Radio Joint Audience Research Limited
- Abbreviation: RAJAR
- Formation: 1992; 34 years ago
- Legal status: Active
- Headquarters: 55 New Oxford Street, London
- Website: www.rajar.co.uk

= RAJAR =

Audience measurement system for the radio industry in the United Kingdom

Radio Joint Audience Research Limited (RAJAR; /ˈreɪdʒɑːr/) was established in 1992 to operate a single audience measurement system for the radio industry in the United Kingdom. RAJAR is jointly owned by the BBC and Radiocentre. RAJAR's predecessor was called Joint Industry Committee on Radio Audience Research (JICRAR; /ˈdʒɪkrɑːr/). Prior to this, the BBC and Radiocentre's predecessor CRCA carried out their own measurements independently of each other.
==Structure==
The company operates as a joint industry committee (JIC) and its board is chaired by an independent chairman. It has shareholder representation from the BBC and the commercial sector, as well as the, Institute of Practitioners in Advertising (IPA) and the Incorporated Society of British Advertisers (ISBA). The company is a non-profit making entity.

==Purpose and methodology==
RAJAR collects information on behalf of over 300 BBC and Ofcom-licensed commercial radio stations, ranging from very small local services to the national networks. Station listening by time, duration, platform (AM/FM, DAB, online/app, and DTV) and location (in car, at home, at work, or elsewhere) is recorded and published on a quarterly basis.

The research methodology is based on a continuous diary survey (ex. Christmas holidays) measuring the listening behaviour of over 54,000 adults (aged 15+) a year. The diary is filled in on a quarter-hour basis for one week's listening drawn from a sample representative of the individual station transmission area and the nation as a whole. The fieldwork for the research is carried out on behalf of RAJAR by specialist research contractors, currently Ipsos Mori. The sampling point framework is undertaken by RSMB Ltd.

The diary-based system is the most common method of measuring radio audiences worldwide. Some countries have introduced electronic devices called audiometers. RAJAR has tested several audiometers but has not determined any viable for introduction in the UK market. RAJAR continues to work with developers to determine future viability of innovations with audiometers and any new measurement techniques that could be of use.
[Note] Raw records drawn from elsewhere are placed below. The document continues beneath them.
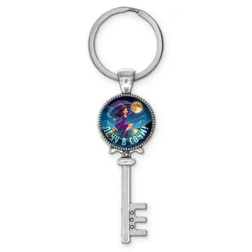 Брелок-сувенир в форме ключа из бижутерного сплава с покрытием под бронзу и стеклянной линзой.
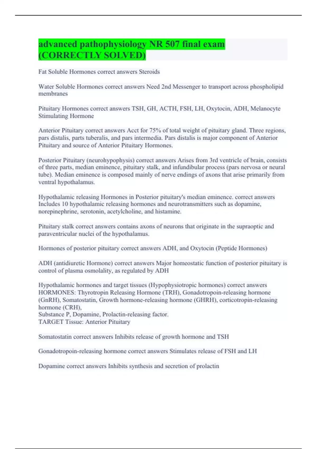 Fat Soluble Hormones correct answers Steroids Water Soluble Hormones correct answers Need 2nd Messenger to transport across phospholipid membranes Pituitary Hormones correct answers TSH, GH, ACTH, FSH, LH, Oxytocin, ADH, Melanocyte Stimulating Hormone Anterior Pituitary correct answers Acct for 75% of total weight of pituitary gland. Three regions, pars distalis, parts tuberalis, and pars intermedia. Pars distalis is major component of Anterior Pituitary and source of Anterior Pituitary Hormones. Posterior Pituitary (neurohypophysis) correct answers Arises from 3rd ventricle of brain, consists of three parts, median eminence, pituitary stalk, and infundibular process (pars nervosa or neural tube). Median eminence is composed mainly of nerve endings of axons that arise primarily from ventral hypothalamus. Hypothalamic releasing Hormones in Posterior pituitary's median eminence. correct answers Includes 10 hypothalamic releasing hormones and neurotransmitters such as dopamine, norepinephrine, serotonin, acetylcholine, and histamine. Pituitary stalk correct answers contains axons of neurons that originate in the supraoptic and paraventricular nuclei of the hypothalamus. Hormones of posterior pituitary correct answers ADH, and Oxytocin (Peptide Hormones) ADH (antidiuretic Hormone) correct answers Major homeostatic function of posterior pituitary is control of plasma osmolality, as regulated by ADH Hypothalamic hormones and target tissues (Hypophysiotropic hormones) correct answers HORMONES: Thyrotropin Releasing Hormone (TRH), Gonadotropoin-releasing hormone (GnRH), Somatostatin, Growth hormone-releasing hormone (GHRH), corticotropin-releasing hormone (CRH), Substance P, Dopamine, Prolactin-releasing factor. TARGET Tissue: Anterior Pituitary Somatostatin correct answers Inhibits release of growth hormone and TSH Gonadotropoin-releasing hormone correct answers Stimulates release of FSH and LH Dopamine correct answers Inhibits synthesis and secretion of prolactin
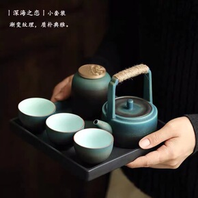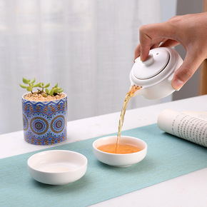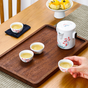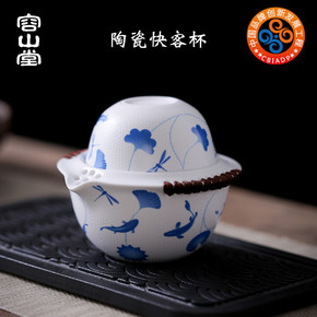 便捷式旅行茶具户外车载陶瓷快客杯野外一壶四杯纯色简...
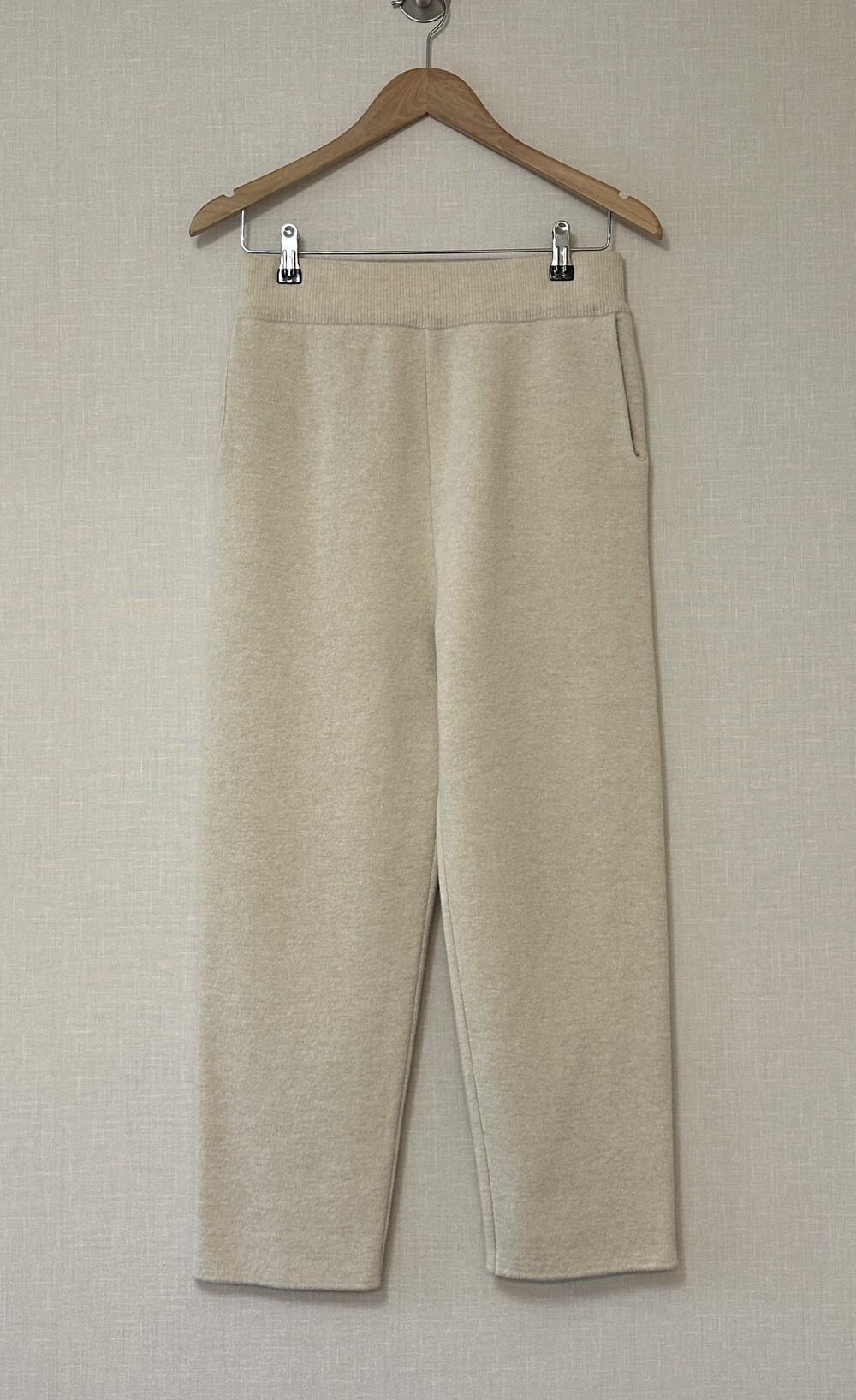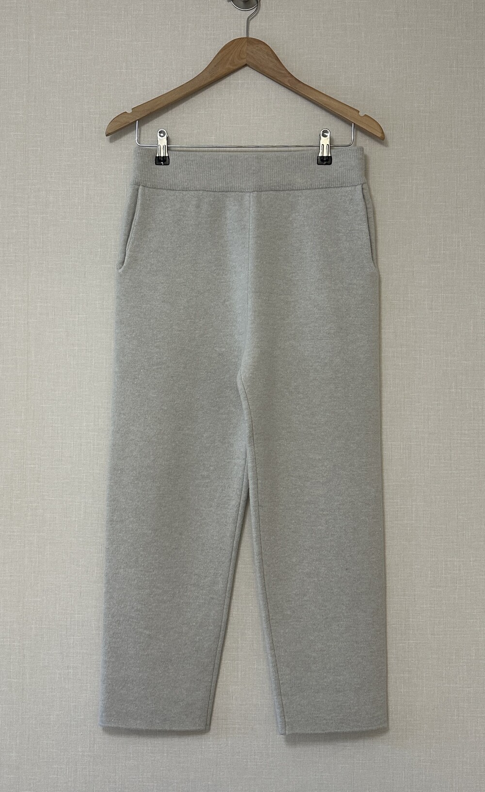살짝 핏되고 크롭한 기장의 니트팬츠입니다.

Historically, the data has been collected from respondents via a paper diary. From quarter 3, 2011 RAJAR introduced an online version of a radio listening diary (Radio Diary) as an additional collection methodology. It is recognised that respondent engagement is critical to the continued quality of the survey and that by offering a choice as to how people record and return their listening data will help maintain the current high levels of participation and completion into the future. Additional benefits also include higher accuracy in attribution of listening to the different platforms (digital/non-digital) as well as higher in home completion that in turn enhances overall data quality.